WHAT YOU NEED TO DO:
If a line below falls between the line with "Nous vous rappelons" and the line with "NITROS publisher and", or is one of those two, output it exactly; output nothing else and no pictures.

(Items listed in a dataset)
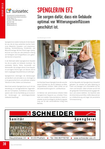 38TOP-LEHRBETRIEBELETOP HRBETRIEBELETOP HRBETRIEBE4 Top Lehrbetriebe BerufsbilderBERUFSBILDSPENGLER/IN EFZSie sorgen daf%u00fcr, dass ein Geb%u00e4udeoptimal vor Witterungseinfl%u00fcssengesch%u00fctzt ist.Spengler/innen statten Geb%u00e4ude mit den Bauteilen aus, die ein Haus wetterfest machen: Dachrinne, Ablaufrohr, Fassaden- und Lukarnenverkleidung, Kamineinfassung, Fenstersims und Blitzschutzanlage. Mit ihrer Arbeit tragen Spengler/innen auch dazu bei, dass Geb%u00e4ude in Bezug auf Dichtigkeit und Energieeffizienz den geltenden Normen entsprechen.In der Werkstatt stellen Spengler/innen Bauteile her, die sie sp%u00e4ter am Geb%u00e4ude montieren. Sie verarbeiten Bleche, Rohre, Kunststoffe und D%u00e4mmstoffe. Als Vorlagen dienen ihnen Baupl%u00e4ne und eigene Zeichnungen und Skizzen, die sie beim vorg%u00e4ngigen Baustellenbesuch anfertigen.Spengler/innen %u00fcbertragen die Abmessungen auf das Blech und schneiden es zu. Sie biegen es in die gew%u00fcnschte Form und verbinden einzelne Teile durch L%u00f6ten, Nieten und Schweissen.Manchmal werden Spengler/innen auch mit der Herstellung von kunstgewerblichen Gegenst%u00e4nden wie Turmspitzen, Turmh%u00e4hnen und Wasserspeiern oder mit der Nachbildung von kunstvollen Verzierungen an denkmalgesch%u00fctzten Geb%u00e4uden beauftragt.Am Flachdach bauen Spengler/innen die verschiedenen Schichten ein, die ein Geb%u00e4ude vor Witterungseinfl%u00fcssen sch%u00fctzen. Dabei achten sie aufdie exakte Ausf%u00fchrung der An- und Abschl%u00fcsse.Im Rahmen der administrativen Arbeiten f%u00fcllen Spengler/innen Rapporte aus, schreiben Protokolle und erstellen Dokumentationen. Damit erarbeiten sie die Grundlage f%u00fcr die Rechnungsstellung und f%u00fcr den wirtschaftlichen Erfolg ihres Betriebs.Auf der Baustelle sind Spengler/innen k%u00f6rperlich gefordert. Sie arbeiten bei jeder Witterung im Freien und bewegen sich schwindelfrei auf D%u00e4chern und Ger%u00fcsten. Dabei sch%u00fctzen sie sich mit der geeigneten Sicherheitsausr%u00fcstung gegen Absturz und andere Gefahren. Sie beachten stets die Sicherheitsvorschriften, treffen Massnahmen zur Unfallverh%u00fctung und tragen die pers%u00f6nliche Schutzausr%u00fcstung.Schweizerisch-LiechtensteinischerGeb%u00e4udetechnikverband (suissetec)Auf der Mauer 11Postfach 1768, 8021 Z%u00fcrich 1043 244 73 00www.suissetec.chinfo@suissetec.chberufsberatung.ch, %u00a9 2019PERFEKTION IST UNSERE PROFESSION.Hauptstrasse 14 4133 Pratteln Tel. 061 827 92 92 www.schneider-sss.ch
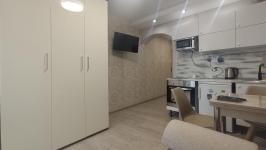 Тёплая уютная студия, есть холодильник, плита, микроволновка, телевизор. ...
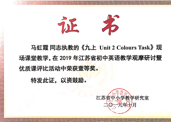 马虹霞老师执教的《九上Unit 2 Colours Task》获获江苏省英语教学优质课评比一等奖 2020-10-10
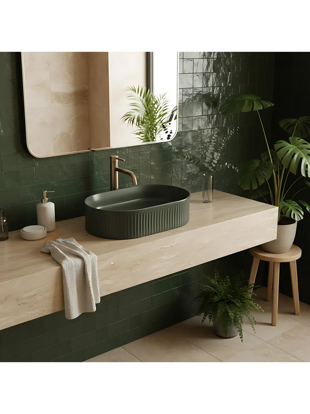 Ești în căutarea unui accent elegant pentru baia ta modernă? Descoperă lavoarul de blat Rea Vanda în nuanța profundă Olive Matt. Acesta aduce în prim plan cele mai noi tendințe de design alături de o funcționalitate ridicată. Fabricat din ceramică sanitară de înaltă calitate, acest lavoar se remarcă prin suprafața sa mată și textura striată verticală decorativă.
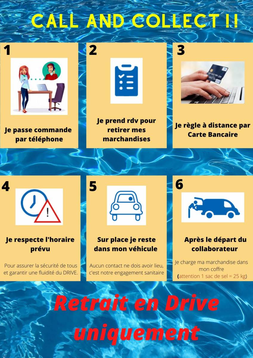 Nous vous rappelons la procédure "CALL ET COLLECT" (cliquez sur la photo) et vous remercions de l'appliquer rigoureusement pour la sécurité de tous.
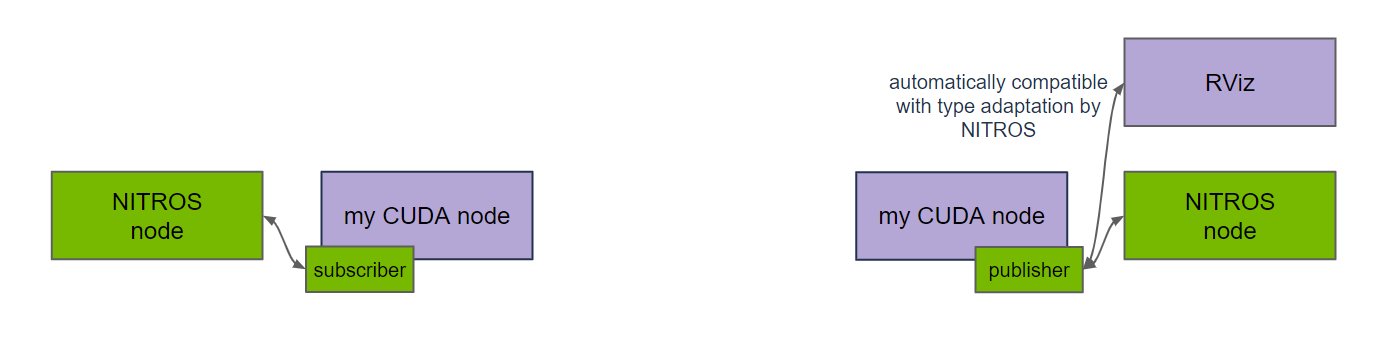 NITROS publisher and NITROS subscriber enable many design patterns compatible with Isaac ROS accelerate computing nodes, and traditional CPU nodes. For example publishing from a CUDA node directly to an Isaac ROS node, or visa-versa from an Isaac ROS node to a CUDA node. A CUDA node can be inserted between two Isaac ROS nodes, or even use multiple CUDA nodes in succession, all with the benefit of CUDA accelerated computing in each node. This creates more modular software designs, as CUDA accelerated functions can be packaged in individual nodes, instead of packing them together into a larger single node.
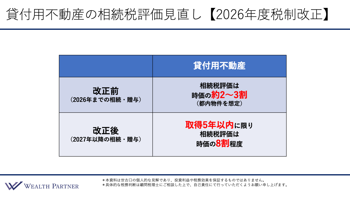 「こんなうまい話があるのか」と思われる方もいらっしゃるでしょう。しかし実際に、投資用不動産を保有するだけで、この程度相続税評価が下がっていました。これほど大幅に評価額を引き下げられることから、高齢の富裕層の方が相続対策として貸付用不動産を購入・保有されるケースが多く見られました。そこに明確な綱が張られたのが2026年度の税制改正です。
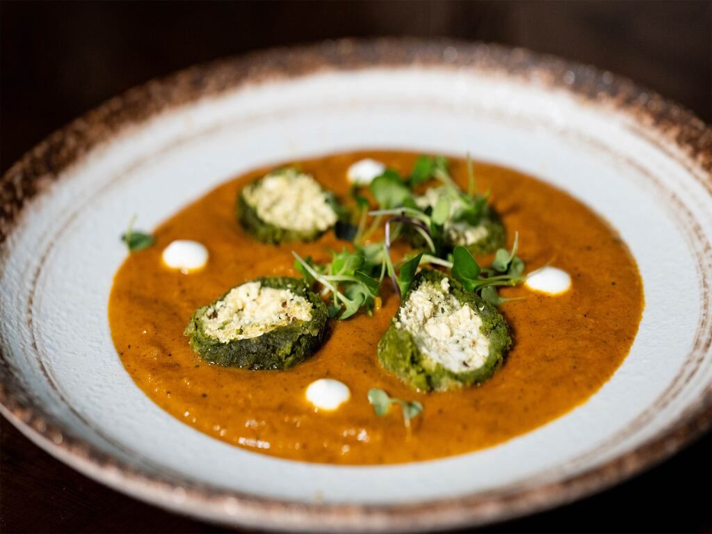 Fried Spinach dumplings with cottage cheese filling with creamy tomato gravy, infused with Indian spices
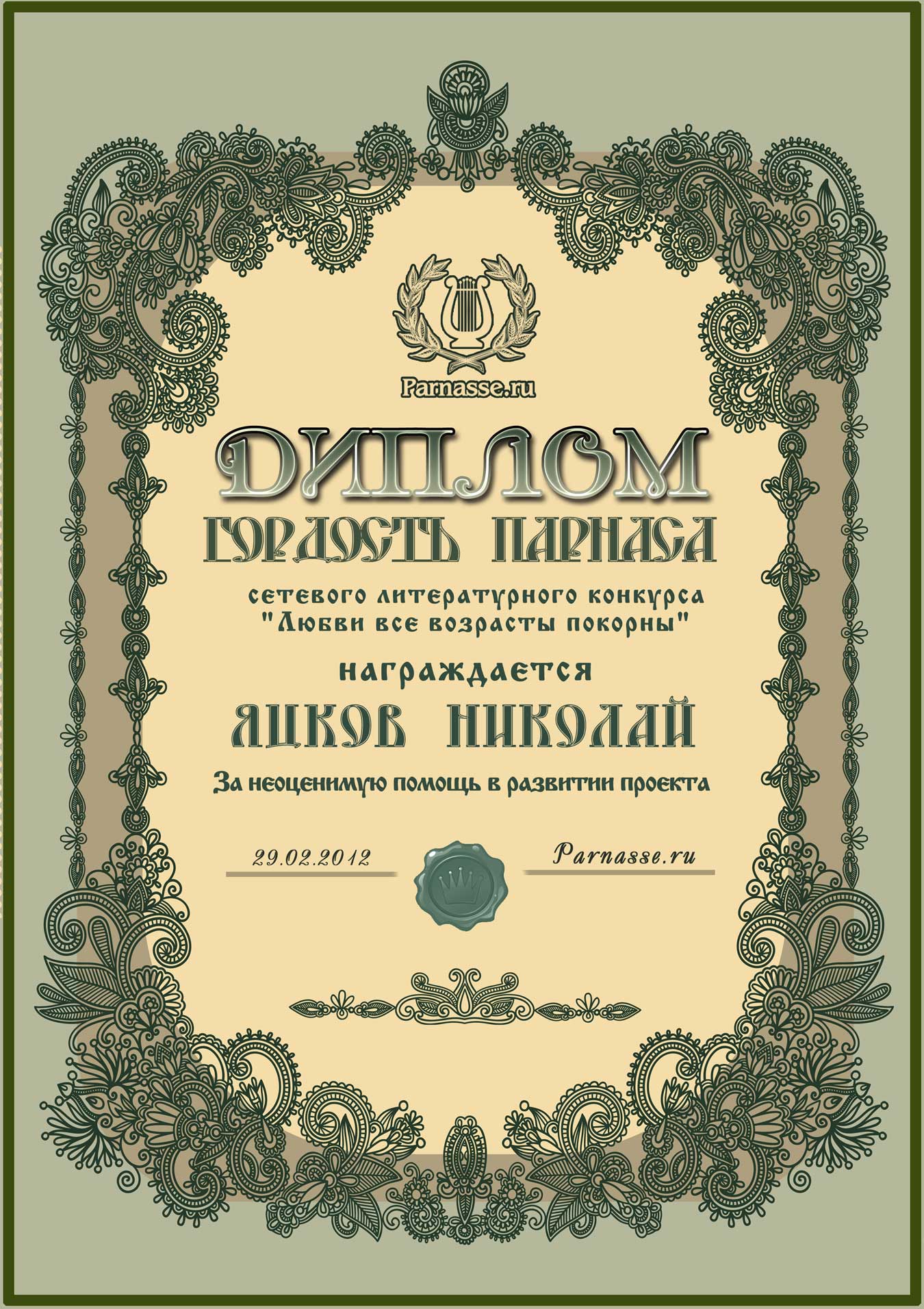 Диплом "Гордость Парнаса"
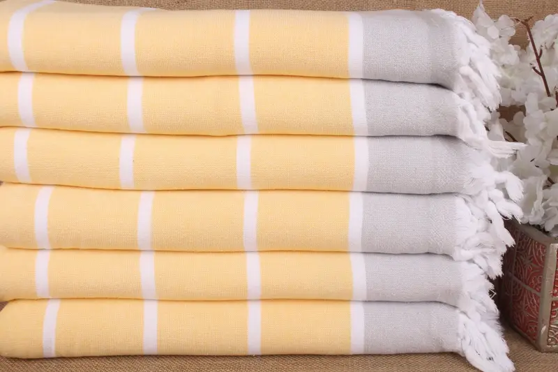 Striped Terry Towel Monogrammed Yellow Organic Cotton, 40x67 Inches
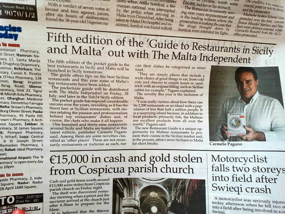Presente anche Noel Azzoppardi, direttore del noto giornale Indipendent che ha dato ampio spazio fra le sue colonne alla guida e con cui uscirà in allegato nei prossimi giorni, così come del resto ha già fatto in Sicilia, dove è uscita in allegato con il Sole24Ore. La Guida continuerà a viaggiare anche a bordo del catamarano della Virtu Ferries e dell’AirMalta per veicolare il messaggio di una grande professionalità e passione che cresce ogni giorno nelle cucine dei tanti ristoranti della Guida e che si manifestano ai commensali nei piatti serviti, oggi sempre più capaci di raccontare storie ed emozioni, facendo sempre emergere l’uomo, lo chef, che personalizza e rende uniche le ricette.
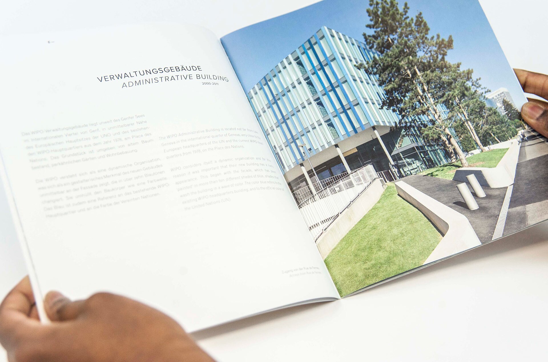 In the year 2000 plans were already well underway to set up the World Intellectual Property Organization (WIPO), an international organization responsible for protecting intellectual property, based in Geneva. The competition for one building in the end resulted in three new buildings linked together, the WIPO Campus, which is presented in this booklet: an administration building, completed in 2011, a conference hall and a smaller reception building, both opened in 2014.

SOLVED EXERCISE:
 Nous vous rappelons la procédure "CALL ET COLLECT" (cliquez sur la photo) et vous remercions de l'appliquer rigoureusement pour la sécurité de tous.
 NITROS publisher and NITROS subscriber enable many design patterns compatible with Isaac ROS accelerate computing nodes, and traditional CPU nodes. For example publishing from a CUDA node directly to an Isaac ROS node, or visa-versa from an Isaac ROS node to a CUDA node. A CUDA node can be inserted between two Isaac ROS nodes, or even use multiple CUDA nodes in succession, all with the benefit of CUDA accelerated computing in each node. This creates more modular software designs, as CUDA accelerated functions can be packaged in individual nodes, instead of packing them together into a larger single node.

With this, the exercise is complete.